Telehealth

On March 30th, by executive order, President Trump announced temporary changes to health care regulations to improve access to care. One technology that is playing a major role in this new landscape is telehealth. Telehealth, as defined by the Health Resources Services Administration, is the use of electronic information and telecommunications technologies to support long-distance clinical health care, patient and professional health-related education, public health, and health administration. This can include videoconferencing, internet, and wireless communication. Telehealth is broader than telemedicine, which is limited to strictly clinical services.

Prior to COVID-19, telehealth had limitations, particularly for the Medicare and Medicaid populations. Medicare would only reimburse a select few services. Medicare regulations also limited the types of health care professionals that could provide telehealth services and limited the geographic eligibility for those who received services to Health Professional Shortage Areas (HPSA), rural counties outside the boundaries of a Metropolitan Statistical Area (MSA).
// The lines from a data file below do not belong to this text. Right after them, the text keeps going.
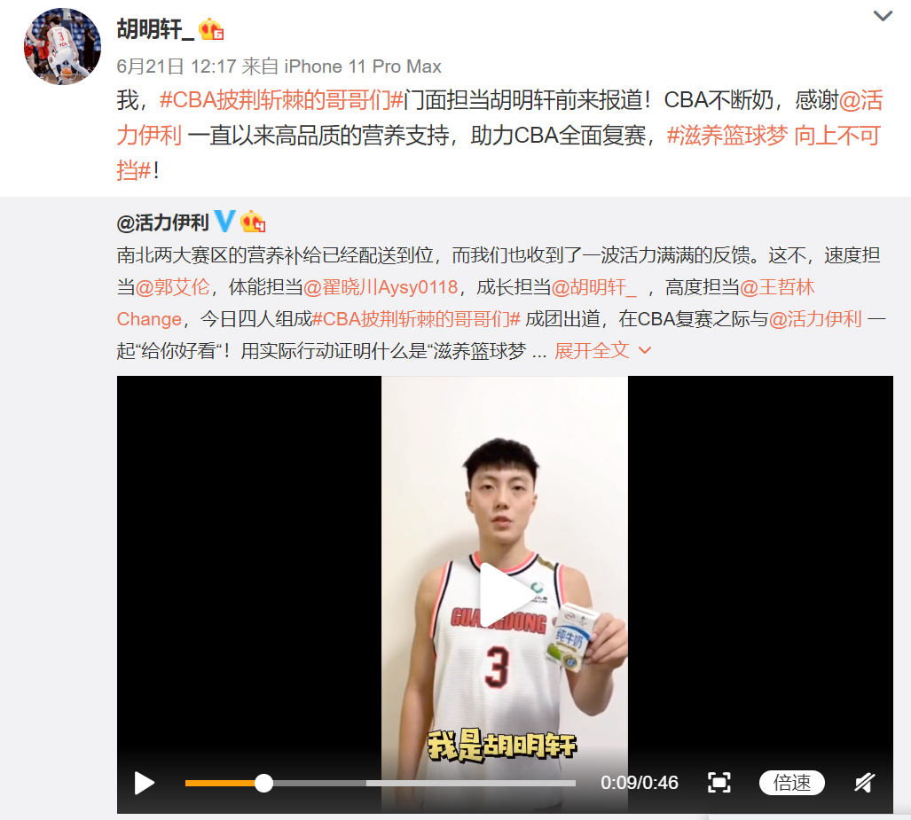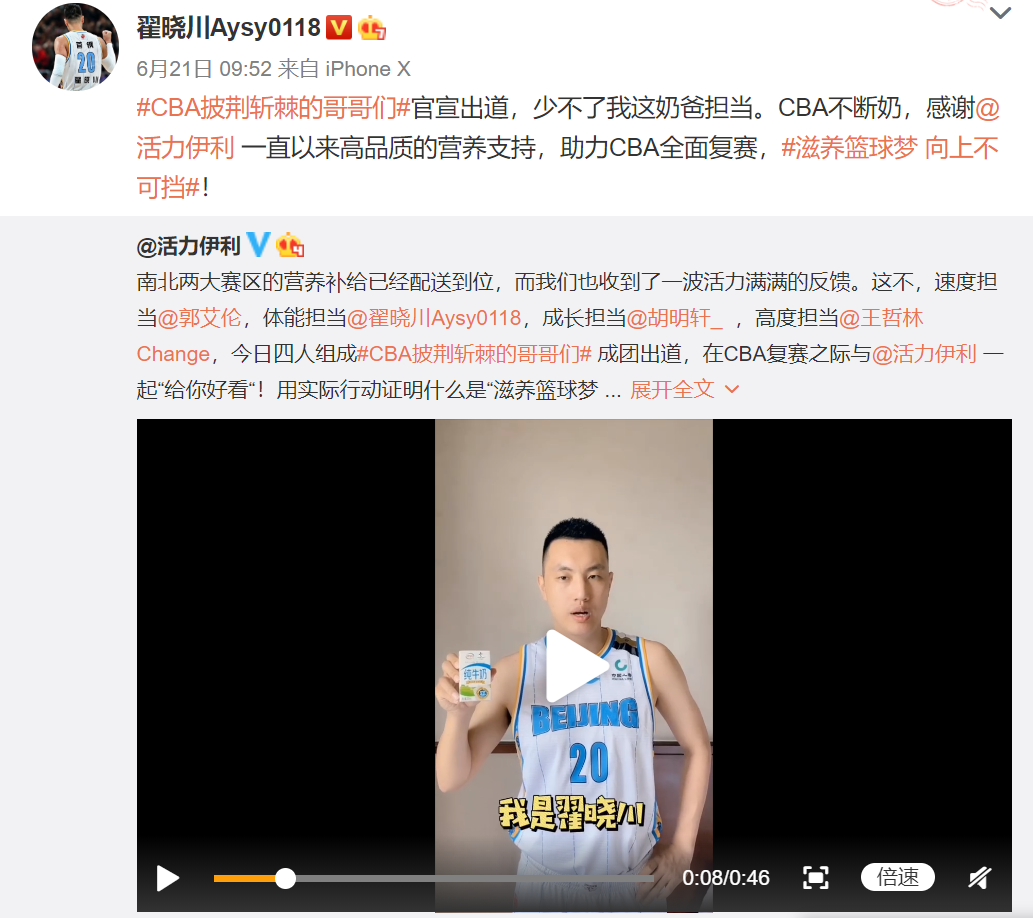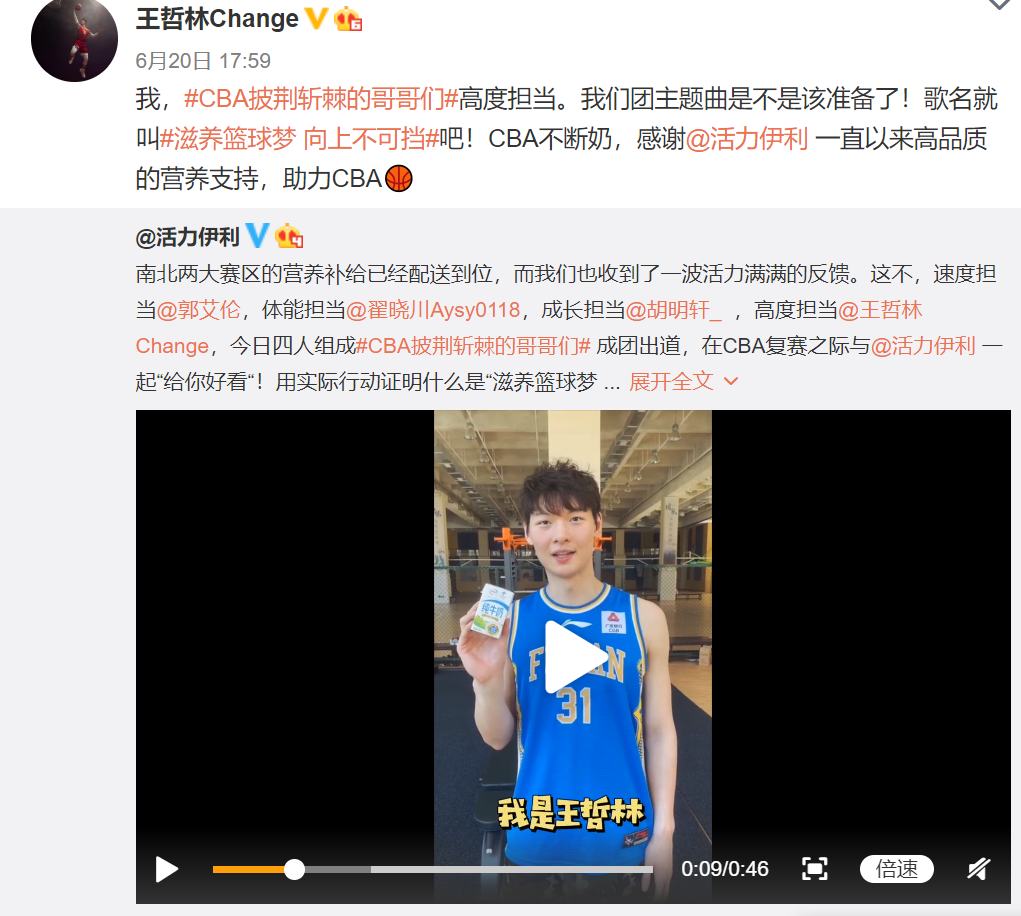 伊利先后把奶送到了东莞、青岛,四位男团成员和马布里、巩晓彬等球员教练纷纷表示感谢: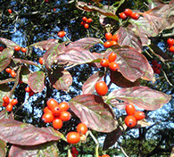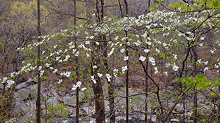 Native Dogwood, Cornus florida. Always white, and not to be confused with imported varieties. The fall fruits of the native tree are an important food for migrating song birds, unlike those of non-native species. The flowers are two to three inches across and bloom late April to early June in our region.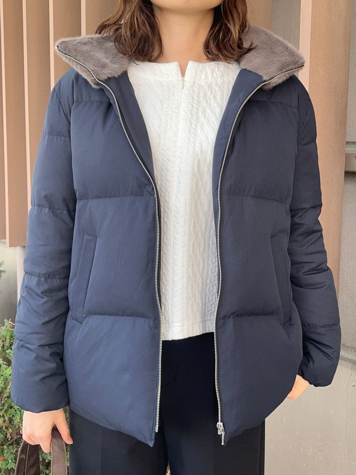 着心地:柔らかく軽い着心地のダウンジャケット。スッキリとしたシルエットです。
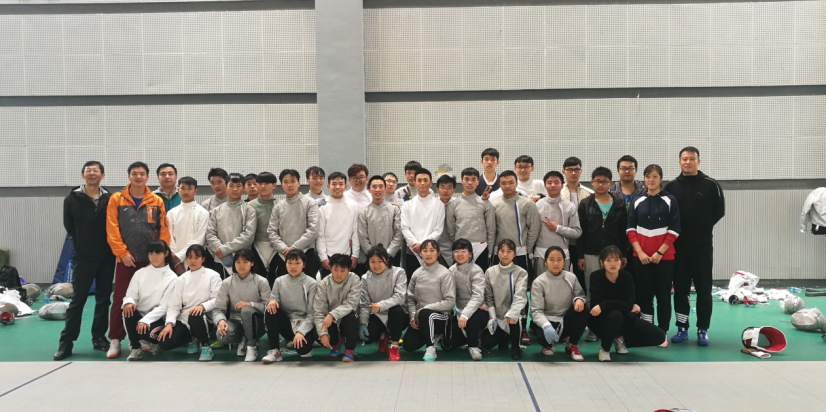 赛前,我校队员们在汤志伟教练和孙赫男教练的带领下对市体校击剑队的教练们和队员们表示了热烈的欢迎,接着双方队员进行了赛前的热身运动,大家穿戴好服装护具,蓄势待发。

The Trump Administration’s Executive Order has changed the regulations of telehealth in the following ways:

  • Expanding services eligible for reimbursement
  • Allowing providers to bill for telehealth visits at the same rate as in-person visits, including emergency department visits, intake and discharge visits to nursing facilities, and therapy services
  • Allowing remote patient monitoring for patients with only one disease
  • Allowing physicians to supervise clinical staff using virtual technologies

These changes give the most vulnerable patients access to healthcare without risking exposure to the virus, while increasing the available capacity of health care facilities to deal with potential influxes of COVID-19.

Beyond the Medicare and Medicaid populations, telehealth services are experiencing a surge in demand, especially providers of mental health services. More users are downloading mental health coaching apps, and current users are using them more frequently. One study suggests that 70% of new users of mental health apps joined to cope with COVID-19-related stress. This rapid growth in demand is putting pressure on these services, which are now rushing to increase staff and speed up timelines to launch and implement in response to the growing demand.

Telehealth services have become a critical technology in the new landscape of COVID-19. For now, telehealth is part of this new landscape. Time will tell if these services will continue to grow after the crisis fades.